This all reminds me of the faded yellow armchair that I brought home from my mother’s house after she died. I hadn’t yet bought a house–didn’t even know I was going to do so–but house or apartment, the chair would be a comforting reminder of my childhood home.

Mom and dad had bought the chair shortly after they were married and it followed them from home to home, taking pride of place in the living room for many years, upholstered, reupholstered, slipcovered, and finally reupholstered yet again, its final coat a tough pale yellow fabric that was scratchy against bare skin. At some point it left the living room and was relegated to the small back bedroom that my mother used as her nest.

I did eventually buy a house and placed the chair in the living room, near the fireplace. But somehow it never looked at home. It was somehow out of proportion to my other furniture, too old fashioned, and ultimately too worn.

There were those cats–the tough fabric of the upholstery stood up to their claws for quite a while but then gashes began to show through. And there was a kind of musty smell to the chair. I’d drape it with throws or try to dress it up with ready-made slipcovers but it never really fit.

Eventually I had it hauled away along with a truckload of items destined for the dump. I remember the pickup truck pulling out of the driveway with the chair perched on top of the load. I felt sad, felt I was betraying that chair, guilty that I hadn’t taken better care of this relic from my family’s past.

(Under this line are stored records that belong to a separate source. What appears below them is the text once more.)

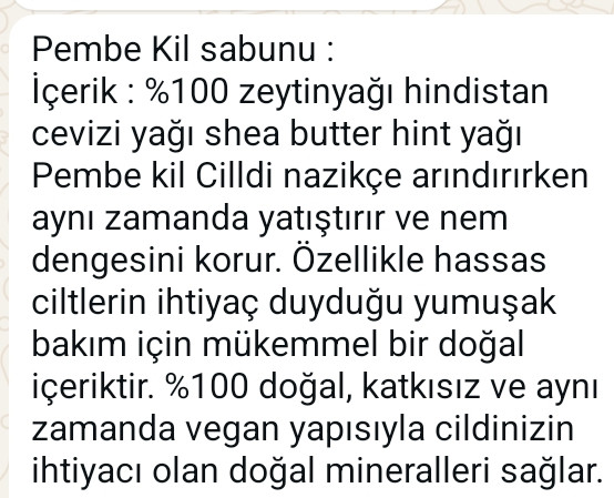 Ev yapımı doğal sabundur. Belirtilen içeriklerine % 100 Zeytinyağı, Hindistan cevizi yağı, shea butter katılmıştır.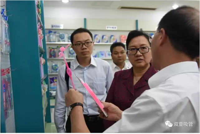 接著,大家來到了樣品房,被琳瑯滿目的各類吸管所吸引。“雙童”樓仲平向部長先生詳細介紹了我們近些年研發(fā)的一系列創(chuàng)新吸管,并說明這些吸管都是申請了專利證書。同時,“雙童”還是浙江省唯一由單一企業(yè)承擔“行業(yè)標準、國家標準和ISO國際標準”的中小企業(yè)。部長先生再次被“雙童”的工匠精神所震撼!她表示,她從來沒有想過一根吸管竟然還能有如此多的創(chuàng)意。部長先生高興地說:“我真是太喜歡‘雙童’了!”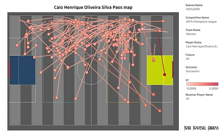 В дебютной ЛЧ левый защитник в среднем делал 39,97 передач за 90 минут с точностью 79,64%. Всего Кайо сделал 167 передач, в том числе 15 навесов, 22 длинных передачи и три проникающих.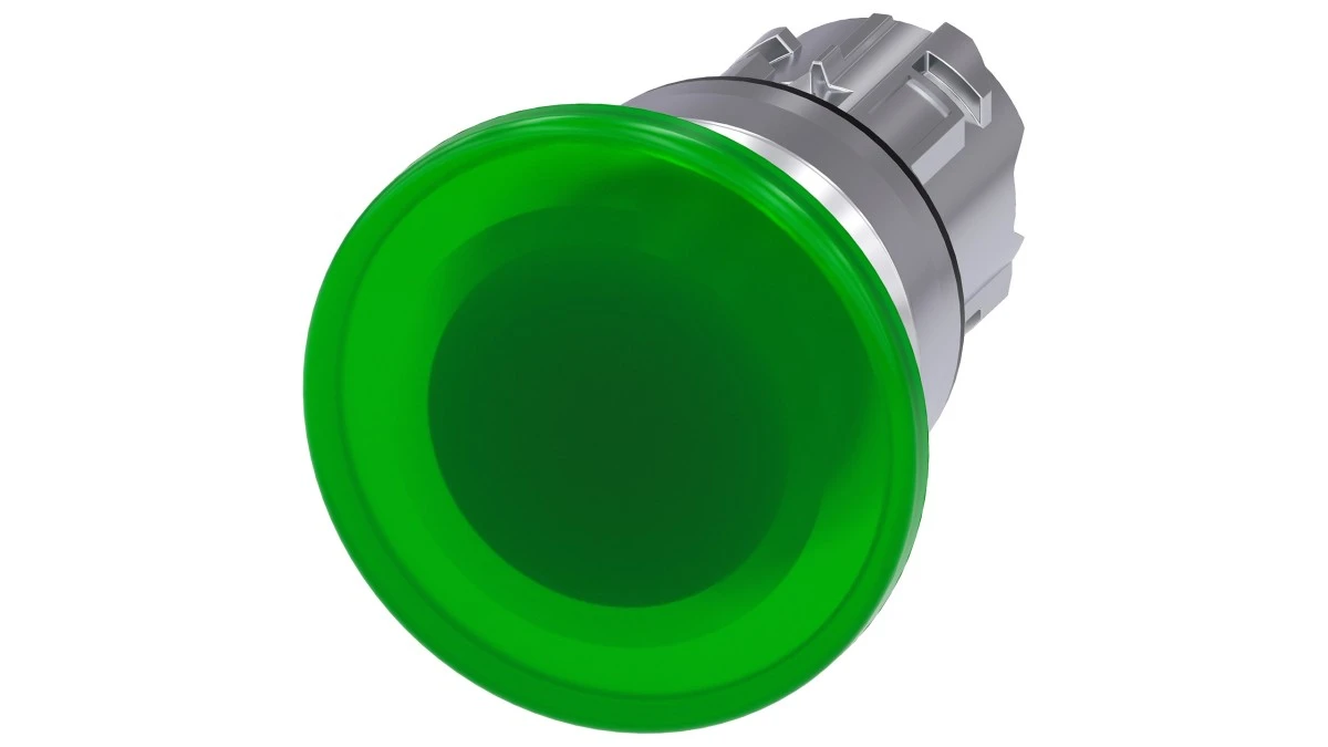 Przycisk grzybkowy podświetlany 22mm okrągły metal błyszczący zielony 40mm z samopowrotem 3SU1051-1BD40-0AA0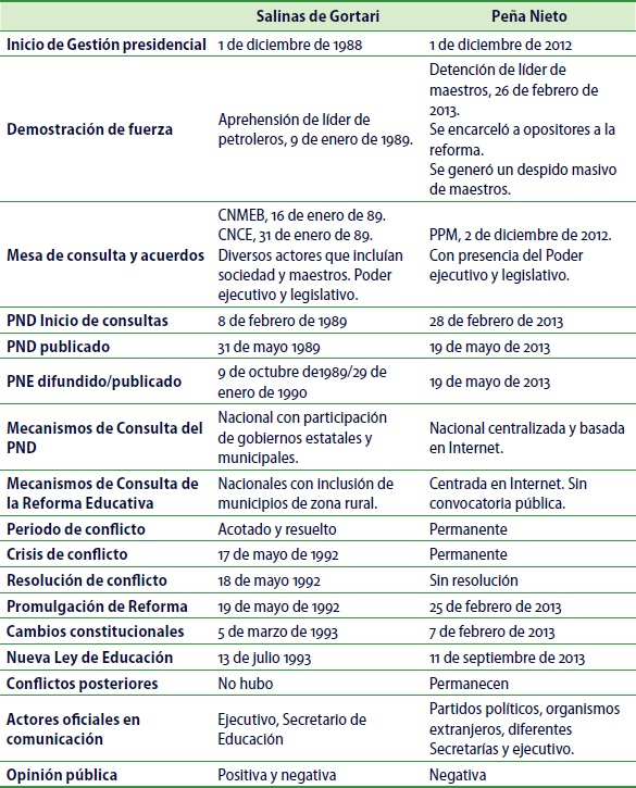 Para fines de la comparación que se busca hacer en éste artículo, se hace notar que en el sexenio de Salinas se hizo uso de la violencia con un gremio ajeno al educativo, se instalaron mesas de negociación, que incluyeron al SNTE, para elaborar la reforma y para la formulación de los instrumentos de política pública, en los cuales se involucró a los sectores sociales, empresarial y político. Las notas informativas señalan la realización de eventos en zonas rurales con apoyo de autoridades municipales. La instrumentación política se organizó de lo general a lo sectorial: PND-PSE-ANMEB. Las acciones para concluir la RE, con la promulgación de leyes, requirieron más de cuatro años de trabajo. Los conflictos, fueron resueltos mediante una mesa de negociación con la concurrencia de los afectados y previo a la publicación de la reforma. Posterior a los acuerdos tomados, no se presentaron problemas entre el sector educativo y el gobierno federal.
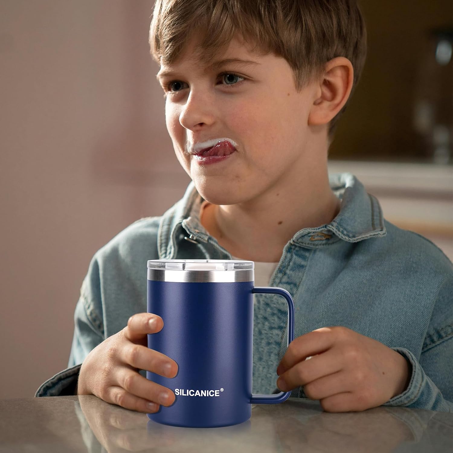 14 oz Stainless Steel Vacuum Insulated Tumbler with handle & MacSlider Lid, Dishwasher Safe & Spill Proof Coffee Cup, Travel Mug for Hot/Cold Drinks, Durable Design - Navy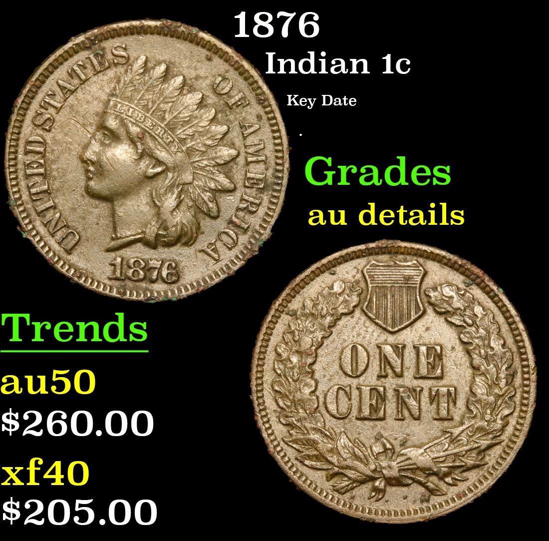 1876 Key Date . Indian Cent 1c Grades AU Details. very scarce date. PCGS estimates that only 5000 survive in all grades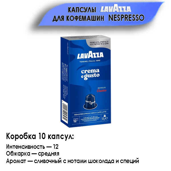 Капсулы кофе Lavazza ALU Crema Gusto Classico, для Nespresso, 12 интенсивность, 10шт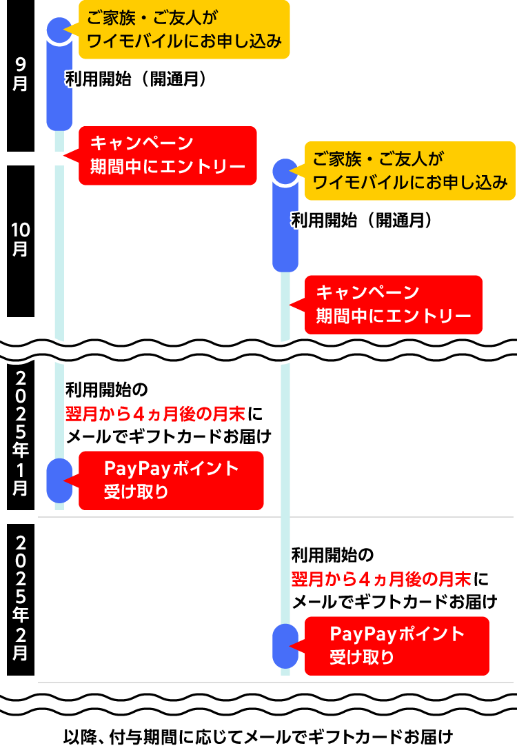 ご家族、ご友人の契約完了月の翌月から4ヵ月※1後にPayPayポイントのギフトコードを受領しポイントを獲得できます。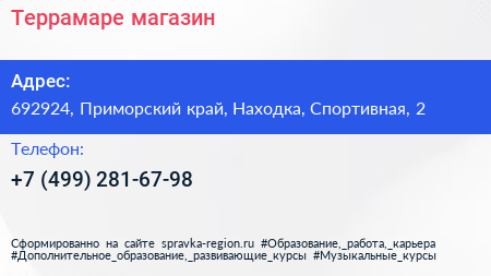 Террамаре, магазин по адресу 692924, Приморский край, Находка, Спортивная, 2 в дальнейшем Организация, размещена в следующих категориях:

I have other things that I brought from Ohio and take care of and cherish–a lamp, a painting, a glass vase, a pottery vase, some small wood carvings. I value these items for their own beauty as well as the association with mom and dad. But this poor sad chair got discarded.

Of course, my mother would probably have nagged me to get rid of the chair long before I did. And she’d be telling me that the couch needs to follow.